Handle administration requires an administrator to authenticate himself by providing the following information:

  • Your admin handle (your prefix) and the index of your public or secret key value within that handle.
  • Your private or secret key. Note: your private and secret key will *never* be sent over the Internet by the Handle System. You shouldn't send either private or secret keys over the Internet. You only need to provide this to the Handle System client software so that it can prove to any handle server that you have this information.

In order to create an identifier under a given prefix, the owner of the prefix (the part of the handle before the slash) must give you permission to create identifiers under that prefix. He can give you permission to create identifiers by adding your admin handle and the index for your key value to a list of administrators who have permission to create identifiers under that prefix. When you send the 'create-handle' request to the Handle System, you must provide your authentication information. If the server can verify that you are the individual identified by the admin handle (your private key matches your public key, or you enter the correct secret key) then the requested identifier will be created.

1The Handle System does not require these particular index values. The index values just need to be unique within the handle.

 

Authentication

The security of the Handle System depends on both client and server host security, and depends heavily on the integrity of the Global Handle Registry service information. Extreme care is taken to protect the service information and the public key pair used to sign the global service information. Client applications should only accept the global service information from the Global Handle Registry. They should check its integrity upon each update.

For efficiency, handle servers will not generate or return a digital signature for every service response, unless specifically requested by clients. To assure data integrity, clients must explicitly ask the server to return the digital signature. To protect sensitive data from exposure, clients may establish a communication session with the server and ask the server to encrypt any data using the session key.

Types of Authentication

The handle protocol allows handle servers to authenticate their clients and to provide data integrity service upon client request. Public key and/or secret key cryptography may be used. Server authentication may be used to prevent eavesdroppers from forging client requests or tampering with server responses.

The Handle System provides the authentication and data integrity services, depending on client request. By default, the handle resolution service does not require any client authentication. However, resolution requests for confidential data assigned to any handle (by its administrator), as well as all administration requests (e.g., adding or deleting handle values) require authentication of the client as having the requisite authority. When authentication is required, the responsible handle server will issue a challenge to the requesting client before carrying out the client's request. To satisfy the authentication requirement, the client must send back the correct response that identifies itself as the administrator, or that it otherwise is in possession of the appropriate credentials. The handle server will respond to the initial request only after successful authentication of the client. Handle clients may choose to use either secret key or public key cryptography for authentication.

Figure 2 below illustrates authentication by a handle client using public/private key.

 
Figure showing authentication using public private key

Figure 2: Authentication Using Public/Private Key

 

Certification

Clients can request that a server cryptographically certify its messages with its private key.

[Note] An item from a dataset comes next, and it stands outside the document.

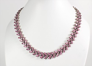 Collier, Silber 925/000, 118 Stck. rosafarbene, in Navetteform geschliffene Steine, in der Mitte 58 Stck. runde Steine, die einzelnen Glieder sind beweglich gearbeitet, integriertes Kastenschloss mit 2 Sicherheitsachten, L = 43,5 cm, total 88,8 g

This certification can be used to verify the authenticity of handle server transmissions. The current implementation of the Handle System uses DSA for this purpose. The DSA public key for a handle server is stored in its site information record.

Sessions

The Handle System allows for encryption of communication after establishing a session with a handle server. This is equivalent to SSL or TLS as used in protocols such as HTTPS, as it affords protection from eavesdropping and man-in-the-middle attacks. The current implementation of the Handle System encrypts session communications using 56-bit DES. Sessions reduce the authentication processing time for performing a sequence of administrative operations. They allow sharing of authentication information for multiple message exchanges between client and server. For example, a prefix administrator may authenticate itself once through the session setup, and then register multiple handles under the same session. A batch of CREATE_HANDLE requests for a given naming authority submitted without the establishment of a session requires administrator authentication for each request. Establishing a session when the first handle in the batch is created, and using a session key for authentication for each subsequent handle, eliminates the need for multiple authentication message exchanges.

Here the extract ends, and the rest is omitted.